ValueError: Length of values does not match length of index

## 2. Apply k-means on the whole dataset by setting k is equal two, three and four and get ARI score for each of them. Which model is the best?
The **Adjusted Rand Index (ARI)** applies $\mathbb{E}(RI)$ as a correction factor. With ARI, it is possible to get values less than 0, but 1 still indicates perfect agreement, and 0 indicates perfect randomness.

### 2 clusters

In [11]:
# Get predicted clusters.
full_pred = KMeans(n_clusters=2).fit_predict(X_std)

full_pred = np.array([0 if x == 1 else 1 if x==0 else 2 for x in full_pred])

pd.crosstab(y, full_pred)
metrics.adjusted_rand_score(y, full_pred)

0.4380857727169879

### 3 clusters

In [8]:
# Get predicted clusters.
full_pred = KMeans(n_clusters=3, random_state=123).fit_predict(X_std)

full_pred = np.array([0 if x == 1 else 1 if x==0 else 2 for x in full_pred])

pd.crosstab(y, full_pred)
metrics.adjusted_rand_score(y, full_pred)

0.2740064669723646

### 4 clusters

In [9]:
# Get predicted clusters.
full_pred = KMeans(n_clusters=4, random_state=123).fit_predict(X_std)

full_pred = np.array([0 if x == 1 else 1 if x==0 else 2 for x in full_pred])

pd.crosstab(y, full_pred)
metrics.adjusted_rand_score(y, full_pred)

0.19754403059138773

As the clusters increase, the Adjusted Random Index decreases - approaching a higher level of randomness.

## 3. Apply k-means on the whole dataset by setting k equal two, three and four and get silhouette coefficient for each of them. Which model is the best?

For each datapoint, the *silhouette coefficient* is the difference between the mean distance between that datapoint and all other points in its cluster ($a_i$) and the mean distance between that datapoint and all other points in the *nearest other* cluster ($b_i$), divided by whichever of the two values is highest:  

$$\dfrac{b_i-a_i}{max(b_i,a_i)}$$

The mean of the silhouette coefficients for all datapoints is the silhouette coefficient for that clustering solution on that data. Values range from -1 for very bad clusters to +1 for very dense clusters. However, if clusters employ non-flat geometry, this index will not work well.

### 2 clusters

In [13]:
labels = KMeans(n_clusters=2, random_state=123).fit_predict(X_std)

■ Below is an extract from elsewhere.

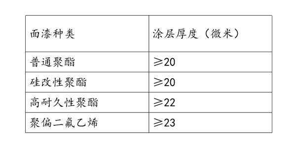 ③配合耐久性高的涂層,寶鋼對該類彩涂鋼板的最低鍍層重量也進行了限制,例如氟碳產品熱鍍鋅鍍層重量不小于110g/m2,鍍鋁鋅鍍層量不小于75/75g/m2

print(metrics.silhouette_score(X_std, labels, metric='euclidean'))

0.17530682286260937


### 3 clusters

In [14]:
labels = KMeans(n_clusters=3, random_state=123).fit_predict(X_std)

print(metrics.silhouette_score(X_std, labels, metric='euclidean'))

0.1299061055112915


### 4 clusters

In [15]:
labels = KMeans(n_clusters=4, random_state=123).fit_predict(X_std)

print(metrics.silhouette_score(X_std, labels, metric='euclidean'))

0.13347392846804823


2 clusters provides the highest silhoutte coefficient, as a result this is the optimal number of clusters.